• Description of the task
Would you please transcribe the listing exactly, with no images?

[Data provided — start]

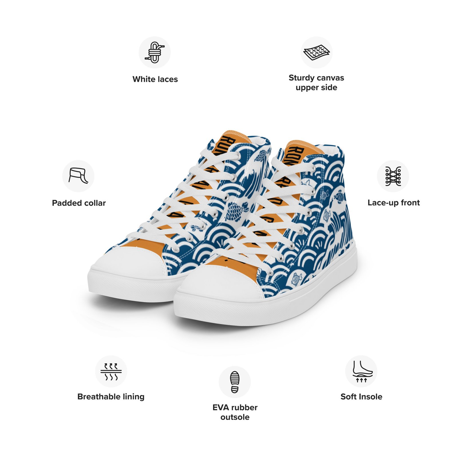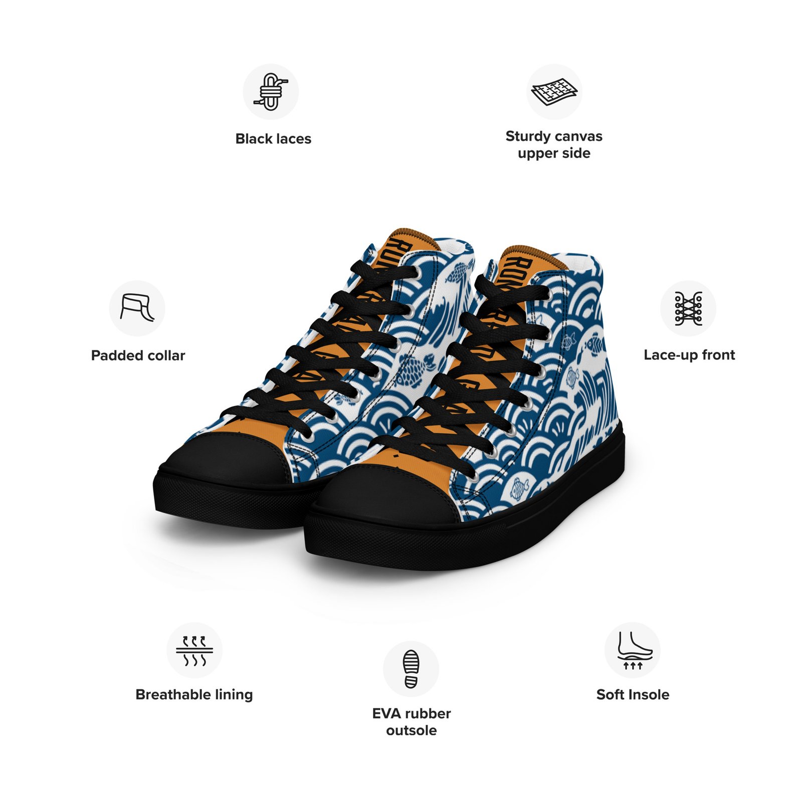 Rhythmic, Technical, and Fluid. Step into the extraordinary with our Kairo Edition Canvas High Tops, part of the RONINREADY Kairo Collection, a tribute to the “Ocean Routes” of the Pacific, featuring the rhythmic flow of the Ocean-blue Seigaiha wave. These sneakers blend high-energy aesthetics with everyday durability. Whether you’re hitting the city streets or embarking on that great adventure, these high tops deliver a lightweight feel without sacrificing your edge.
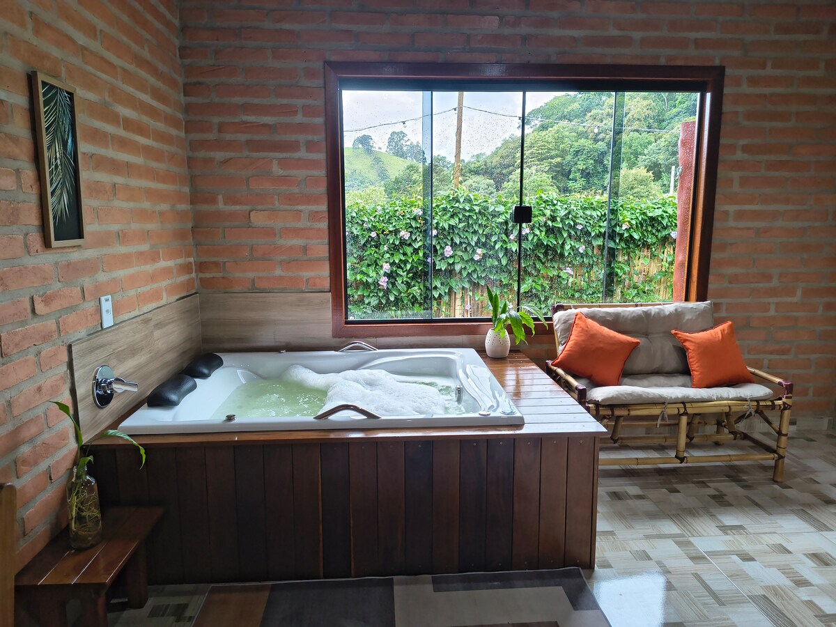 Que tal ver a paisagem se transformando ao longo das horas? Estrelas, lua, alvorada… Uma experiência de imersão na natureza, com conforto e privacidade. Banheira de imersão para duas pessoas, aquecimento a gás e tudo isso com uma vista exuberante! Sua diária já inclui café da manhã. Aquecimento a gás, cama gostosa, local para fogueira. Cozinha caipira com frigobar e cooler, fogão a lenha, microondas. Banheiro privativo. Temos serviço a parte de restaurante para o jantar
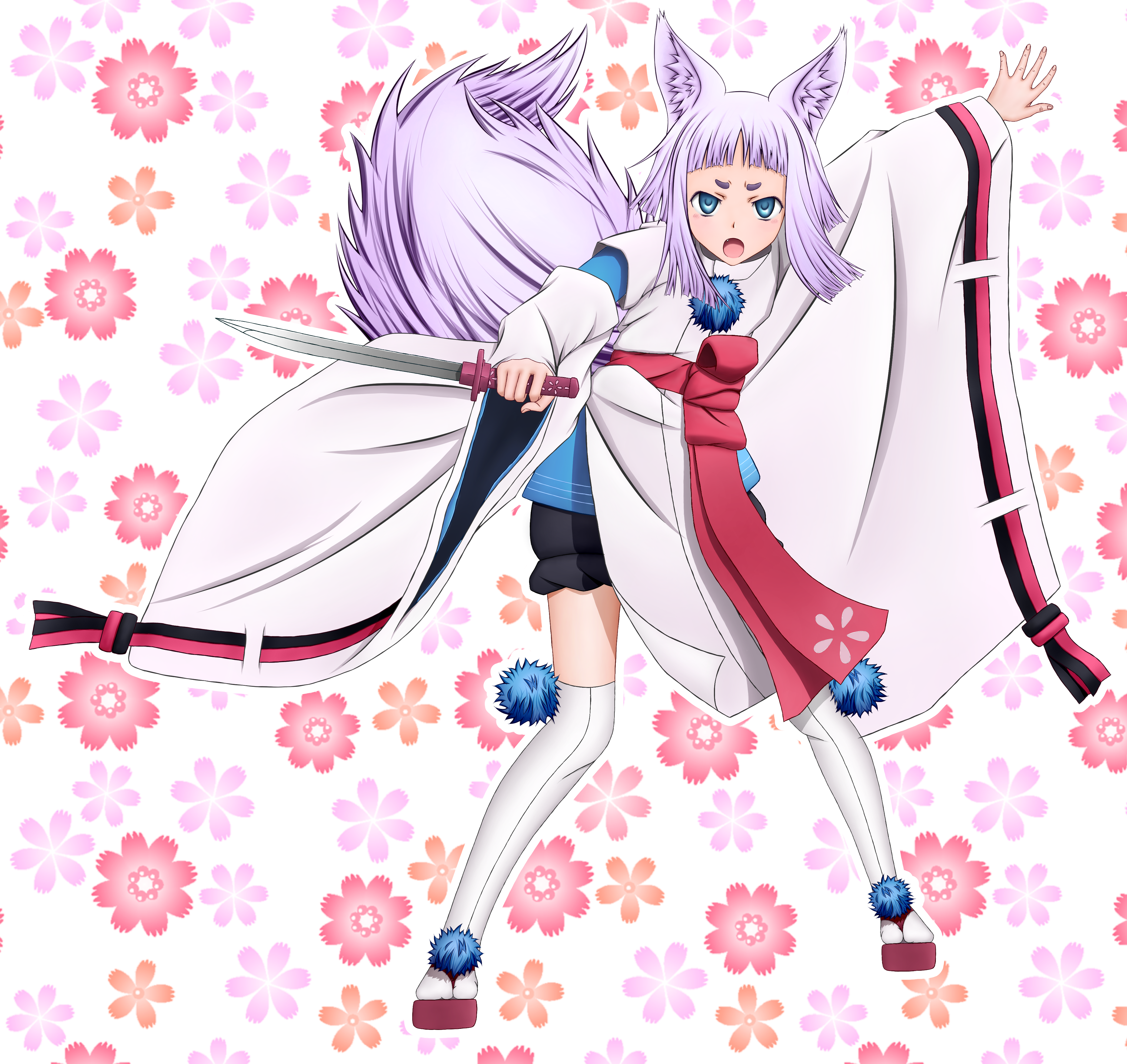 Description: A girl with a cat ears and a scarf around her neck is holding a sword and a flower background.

[Data provided — finish]

• Solution for this task
 Rhythmic, Technical, and Fluid. Step into the extraordinary with our Kairo Edition Canvas High Tops, part of the RONINREADY Kairo Collection, a tribute to the “Ocean Routes” of the Pacific, featuring the rhythmic flow of the Ocean-blue Seigaiha wave. These sneakers blend high-energy aesthetics with everyday durability. Whether you’re hitting the city streets or embarking on that great adventure, these high tops deliver a lightweight feel without sacrificing your edge.
 Que tal ver a paisagem se transformando ao longo das horas? Estrelas, lua, alvorada… Uma experiência de imersão na natureza, com conforto e privacidade. Banheira de imersão para duas pessoas, aquecimento a gás e tudo isso com uma vista exuberante! Sua diária já inclui café da manhã. Aquecimento a gás, cama gostosa, local para fogueira. Cozinha caipira com frigobar e cooler, fogão a lenha, microondas. Banheiro privativo. Temos serviço a parte de restaurante para o jantar
 Description: A girl with a cat ears and a scarf around her neck is holding a sword and a flower background.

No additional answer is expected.